It is always difficult to write about matters relating to same-sex attraction and the Catholic Church. Not because there is any doubt about the moral law or the rectitude of Catholic teaching, but because of two things: 1) the moral depravity of our culture encourages immoral behavior to such an extent that it becomes a mere "lifestyle choice"; and, 2) neither those persons who suffer from such attraction nor most Catholics in general have been formed well enough by the very same Church that should have been more zealous for souls than it has been for the last fifty years. These two factors create a situation where the teaching of the Church-- and the natural law itself-- appears arbitrary and subjects the Church to gleeful attack from her enemies when she does act to uphold the moral law.
Yet, it must be said that the Archdiocese did the right thing in firing the "openly gay" music teacher at St. Ann School in north St. Louis County who publicly announced his fake marriage to another man, whom he describes as his long-term "partner". And expect the Archdiocese to be pilloried in the press. The linked story is from STLToday, and I won't repost it here, but there are a few comments I'd like to add:
1. The teacher is described as "popular". Of course, because we know the Church is "unpopular". The truth is always opposed by the world.
2. The fired teacher wrote his own letter to parents to tell them why he was fired. In this letter, he strongly suggests that this only occurred because someone from the Archdiocese overheard a conversation about the faux wedding, and that the pastor and principal of St. Ann were supportive of the two men:
In his letter to parents, Fischer wrote: "I think the word has been
well spread that this is not the fault of St. Ann School or its
leadership, and I want to emphasize that I get that, too." It added that
the school's principal and the parish priest "are still there for me in
a big way."
The letter encouraged parents to talk to their children.
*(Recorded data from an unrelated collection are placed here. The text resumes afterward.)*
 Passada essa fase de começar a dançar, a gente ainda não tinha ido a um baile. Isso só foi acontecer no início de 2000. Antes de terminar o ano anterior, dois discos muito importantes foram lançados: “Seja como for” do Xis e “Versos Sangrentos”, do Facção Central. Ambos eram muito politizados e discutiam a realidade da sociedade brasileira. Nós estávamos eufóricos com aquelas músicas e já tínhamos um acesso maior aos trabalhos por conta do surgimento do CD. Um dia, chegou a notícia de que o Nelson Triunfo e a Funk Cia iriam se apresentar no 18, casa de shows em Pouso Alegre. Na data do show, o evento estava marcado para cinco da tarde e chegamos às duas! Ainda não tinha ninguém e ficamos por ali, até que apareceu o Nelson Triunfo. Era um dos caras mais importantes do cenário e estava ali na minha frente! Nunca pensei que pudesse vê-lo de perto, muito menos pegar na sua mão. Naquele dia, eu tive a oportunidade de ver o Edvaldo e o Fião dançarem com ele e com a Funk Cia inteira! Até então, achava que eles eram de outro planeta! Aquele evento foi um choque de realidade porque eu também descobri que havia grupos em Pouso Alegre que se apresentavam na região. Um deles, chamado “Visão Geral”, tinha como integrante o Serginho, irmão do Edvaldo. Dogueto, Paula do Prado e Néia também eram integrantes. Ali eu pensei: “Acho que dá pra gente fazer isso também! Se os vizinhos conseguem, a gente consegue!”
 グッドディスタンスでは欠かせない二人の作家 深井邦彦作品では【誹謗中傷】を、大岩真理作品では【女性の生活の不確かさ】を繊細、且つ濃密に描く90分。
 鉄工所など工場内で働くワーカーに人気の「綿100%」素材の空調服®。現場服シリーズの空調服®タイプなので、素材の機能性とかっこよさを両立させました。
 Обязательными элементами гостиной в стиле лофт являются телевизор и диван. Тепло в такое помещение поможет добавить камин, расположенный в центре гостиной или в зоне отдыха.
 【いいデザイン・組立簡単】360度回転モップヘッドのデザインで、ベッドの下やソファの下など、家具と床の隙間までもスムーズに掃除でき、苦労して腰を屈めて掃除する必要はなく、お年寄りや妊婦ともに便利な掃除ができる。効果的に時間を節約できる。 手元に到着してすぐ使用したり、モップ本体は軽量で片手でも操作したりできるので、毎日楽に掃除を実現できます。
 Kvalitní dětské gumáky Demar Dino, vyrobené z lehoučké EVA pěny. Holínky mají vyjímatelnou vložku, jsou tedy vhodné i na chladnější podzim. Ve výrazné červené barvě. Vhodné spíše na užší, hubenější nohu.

"A family conversation about whether or not justice was served here
could be a great thing," it read. "I do not want the lesson from this
for the kids to be, 'Keep your mouth shut, hide who you are or what you
think if it will get you in trouble.'"
Now, support of the school is his allegation, and we cannot assume it is true. If it were true, I wish I could say I was surprised. But far from putting the school in a good light, it is a reminder that the Archdiocese should take a far greater interest in what goes on in their schools. A school pastor or principal should be disciplined if they knowingly employ a person who publicly defies Catholic teaching at a Catholic school. Again, we don't know if they did, but there is very troubling indicia of it, including this gem:
Among his roles as an area musician, he is artistic director of the
Gateway Men's Chorus, which, according to the group's website, "affirms
and promotes gay culture and acceptance through excellence in musical
performance and education." A biography of Fischer on the group's
website includes a reference to his partner of 20 years.
3. It is a mistake to think that the public espousal of sodomy by a music teacher at a Catholic school is irrelevant to his qualifications to teach there. As you can see by his letter, he attempts (and almost certainly has attempted throughout) to persuade Catholic students that their Church is wrong in defending marriage. Does the Archdiocese want to pay someone to do that? This action shows they don't, and they deserve credit.
4. The Church around the world, including in this country, has presided over the general emasculation of the faith-- I mean this in every sense of the term. Our defense of doctrine is anemic; our priests have lost physical and mental vigor; our liturgy is emasculated; heresy is not only not rooted out but is even countenanced. Items like this no longer surprise, and what does surprise is that the only surprise is when the Church takes a stand at last-- like on the contraception mandate. We continue to reap the whirlwind.
5. The persecution is upon us. The time has come to defend the faith without regard to the cost. The Archbishop and those at the Archdiocese deserve credit for this decision, but they should also use the occasion to conduct a systematic and immediate review of the staff of every school.